Однажды вечером на сцене обменялись пощечинами. Публика сначала подумала, что так нужно по ходу пьесы. Веспасиано, всегда пребывавший в добром настроении, тут пришел в отчаяние. Каэтана почувствовала, что «Пилигримам» приходит конец.

– Самое большое прегрешение для артиста – прервать спектакль. Даже в день похорон матери мы должны играть, – сурово заметил он.

Каэтана взывала к богам, и слова ее были умащены божественным елеем. Но это лишь усугубляло раздоры.

В тот вечер, который Каэтана назвала сатурнинским, воцарился хаос. Балиньо просил Каэтану разъяснить ему, что происходит. Однако та, убежденная, что на всем должен лежать покров таинственности, рассердилась на него.

На другой день поутру оказалось, что половина актеров исчезла со своими пожитками, не оставив никакой записки. Дядюшка Веспасиано, держа в руках кружку пива, провел перекличку среди тех, кто остался, называя имена в алфавитном порядке. Когда кто-то не откликался, вычеркивал его из списка, словно умершего, громогласно сморкаясь при этом в платок.

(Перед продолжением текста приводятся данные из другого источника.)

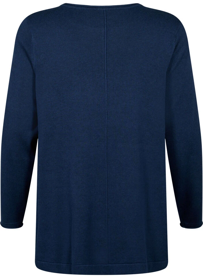 Simple knitted blouse in a soft and comfortable blend of cotton and viscose. The knitted blouse has a round neckline, long sleeves and decorative ribbed edges.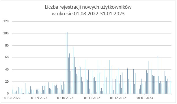 Wykres przedstawia dzienną liczbę rejestracji w okresie 01.08.2022-31.01.2023 r.

– А как отнеслась к этому Каэтана? – Джоконда на какое-то мгновенье разрушила зачарованность слушателей рассказом Балиньо о «Пилигримах».

– Каэтана поговорила с дядей, который всячески уклонялся от этого разговора. Он никоим образом не признавал распада труппы, которую создал вроде бы шутя, а на самом деле с любовью и отчаянием.

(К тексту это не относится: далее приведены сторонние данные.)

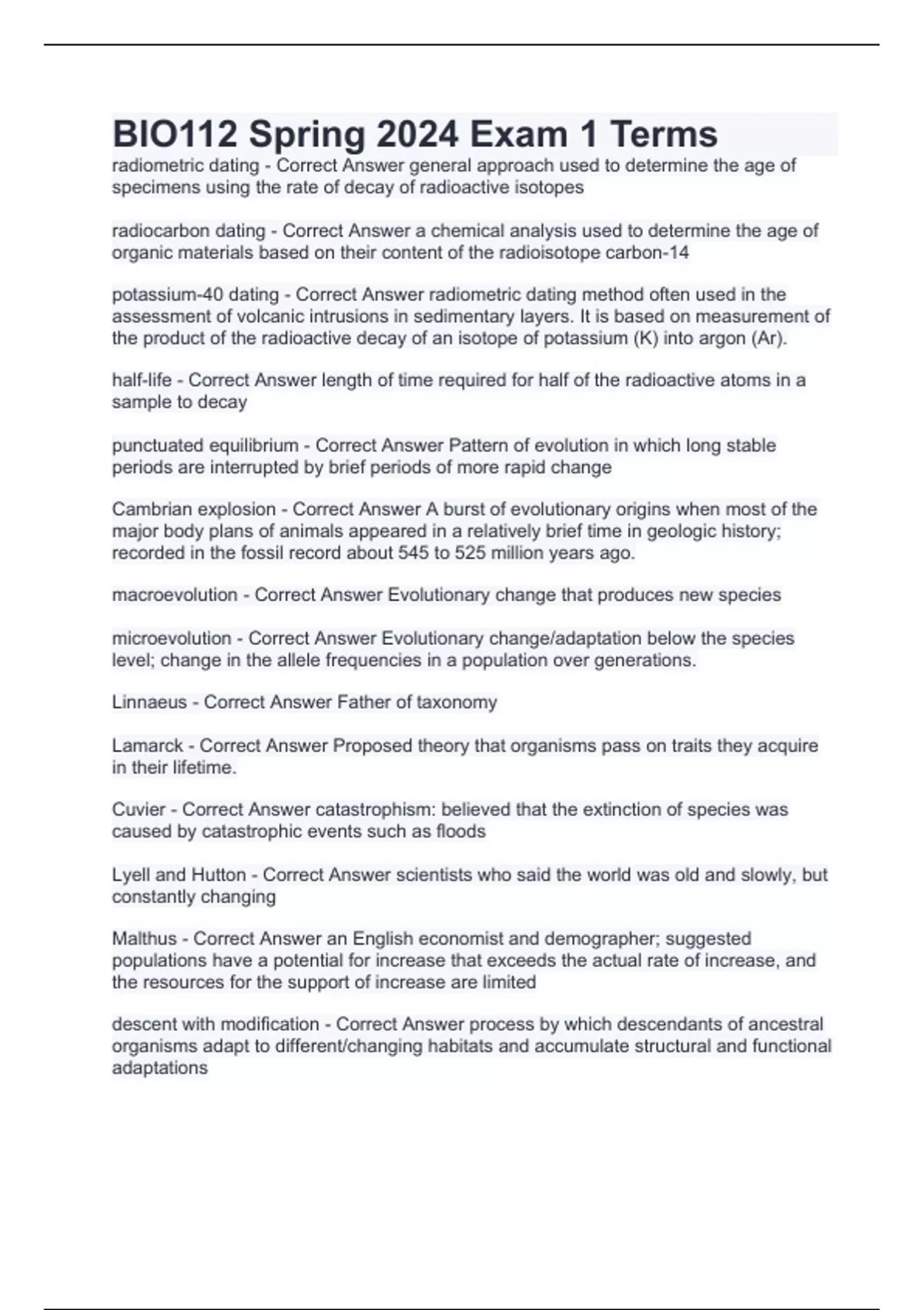 radiometric dating - Correct Answer general approach used to determine the age of specimens using the rate of decay of radioactive isotopes radiocarbon dating - Correct Answer a chemical analysis used to determine the age of organic materials based on their content of the radioisotope carbon-14 potassium-40 dating - Correct Answer radiometric dating method often used in the assessment of volcanic intrusions in sedimentary layers. It is based on measurement of the product of the radioactive decay of an isotope of potassium (K) into argon (Ar). half-life - Correct Answer length of time required for half of the radioactive atoms in a sample to decay punctuated equilibrium - Correct Answer Pattern of evolution in which long stable periods are interrupted by brief periods of more rapid change Cambrian explosion - Correct Answer A burst of evolutionary origins when most of the major body plans of animals appeared in a relatively brief time in geologic history; recorded in the fossil record about 545 to 525 million years ago. macroevolution - Correct Answer Evolutionary change that produces new species microevolution - Correct Answer Evolutionary change/adaptation below the species level; change in the allele frequencies in a population over generations. Linnaeus - Correct Answer Father of taxonomy Lamarck - Correct Answer Proposed theory that organisms pass on traits they acquire in their lifetime. Cuvier - Correct Answer catastrophism: believed that the extinction of species was caused by catastrophic events such as floods Lyell and Hutton - Correct Answer scientists who said the world was old and slowly, but constantly changing Malthus - Correct Answer an English economist and demographer; suggested populations have a potential for increase that exceeds the actual rate of increase, and the resources for the support of increase are limited descent with modification - Correct Answer process by which descendants of ancestral organisms adapt to different/changing habitats and accumulate structural and functional adaptations

– Сколько же нас осталось, дядя?

В Бразилии царила мания величия, и в ней не было места простым актерам, упорствующим в своем желании пробуждать у зрителей мимолетные мечты за жалкую мзду.

Веспасиано передал ей список труппы. Она внимательно прочла. Ощутила удар судьбы, которая безжалостно отнимала у них мечту и надежду.

– Не так уж нас и мало, ведь мы потерпели кораблекрушение в бухте Сан-Луиса. Могли и не остаться в живых, и некому было бы подвести печальный итог, – задумчиво сказала она.

Видя, что дядя уже не улыбается, хотя по-прежнему с наслаждением пьет пиво, Каэтана, одетая в греческую тунику, которую шевелил ветерок с моря, сказала:

– Те, что остались, спасут нашу честь. Пусть нас пять или шесть, мы все равно актеры.

И Каэтана удалилась в комнату, служившую ей и артистической уборной, и жильем, – временный бивак, едва скрывавший нищету. Через неделю, собрав скудные пожитки, они покинули Мараньян, чтобы никогда больше туда не возвращаться.

– В каком году случилась эта трагедия? – Виржилио пощупал карманы, отыскивая карандаш и бумагу.

– Остальное оставим на завтра.

Балиньо заспешил к выходу. Мажико открыл ему дверь, где он столкнулся с Полидоро. фазендейро оглядел кухню; растрепанные волосы подчеркивали его изнеможение.

– Куда вы собрались? – с трудом произнес он.

– Несу пудинг.

– Уже не нужно. Отдайте кому-нибудь. – И усталым жестом указал на Эрнесто.

Аптекарь отказался, и Балиньо, поставив поднос на стол, снова собрался выйти.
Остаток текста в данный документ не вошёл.